Neural Machine Translation (NMT) is widely applied in software engineering tasks. The effectiveness of NMT for code retrieval relies on the ability to learn from the sequence of tokens in the source language to the sequence of tokens in the target language. While NMT performs well in pseudocode-to-code translation, it might have challenges in learning to translate from natural language query to source code in newly curated real-world code documentation/ implementation datasets. In this work, we analyze the performance of NMT in natural language-to-code translation in the newly curated CAT benchmark that includes the optimized versions of three Java datasets TLCodeSum, CodeSearchNet, Funcom, and a Python dataset PCSD. Our evaluation shows that NMT has low accuracy, measured by CrystalBLEU and Meteor metrics in this task. To alleviate the duty of NMT in learning complex representation of source code, we propose ASTTrans Representation, a tailored representation of an Abstract Syntax Tree (AST) using a subset of non-terminal nodes. We show that the classical approach NMT performs significantly better in learning ASTTrans Representation over code tokens with up to 36% improvement on Meteor score. Moreover, we leverage ASTTrans Representation to conduct combined code search processes from the state-of-the-art code search processes using GraphCodeBERT and UniXcoder. Our NMT models of learning ASTTrans Representation can boost the Mean Reciprocal Rank of these state-of-the-art code search processes by up to 3.08% and improve 23.08% of queries' results over the CAT benchmark.

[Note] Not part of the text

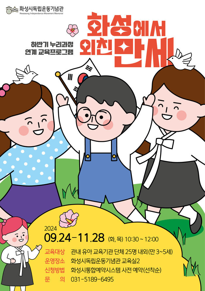 [화성=김정수 기자] 경기 화성시독립운동기념관이 2024년 하반기 누리과정과 연계한 특성화 교육프로그램 ‘화성에서 외친 만세’를 오는 24일부터 11월28일까지 운영한다.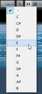 Cubase vous offre également la possibilité de changer la tonalité de base d'événement audio individuels ou de conteneurs MIDI individuels. Vous avez également le choix de transposer le projet en entier ou seulement quelques parties afin de créer par exemple des variations harmoniques.

翻译：神经机器翻译（NMT）广泛应用于软件工程任务。NMT在代码检索中的有效性取决于其从源语言词元序列到目标语言词元序列的学习能力。尽管NMT在伪代码到代码的翻译中表现良好，但在处理全新构建的真实世界代码文档/实现数据集时，从自然语言查询到源代码的翻译学习可能面临挑战。本研究基于新构建的CAT基准（包含TLCodeSum、CodeSearchNet、Funcom三个Java数据集的优化版本及Python数据集PCSD），分析了NMT在自然语言到代码翻译中的性能表现。评估结果表明，使用CrystalBLEU和Meteor指标衡量时，NMT在此任务中准确率较低。为减轻NMT学习源代码复杂表征的负担，我们提出ASTTrans表示——一种通过选取抽象语法树（AST）非终结节点子集定制的表示方法。实验证明，经典NMT方法在学习ASTTrans表示时的效果显著优于直接学习代码词元，Meteor分数最高提升36%。此外，我们利用ASTTrans表示，结合GraphCodeBERT和UniXcoder等前沿代码搜索方法开展联合代码搜索。基于ASTTrans表示学习的NMT模型可将这些先进代码搜索方法的平均倒数排名（Mean Reciprocal Rank）最高提升3.08%，并在CAT基准上改善23.08%的查询结果。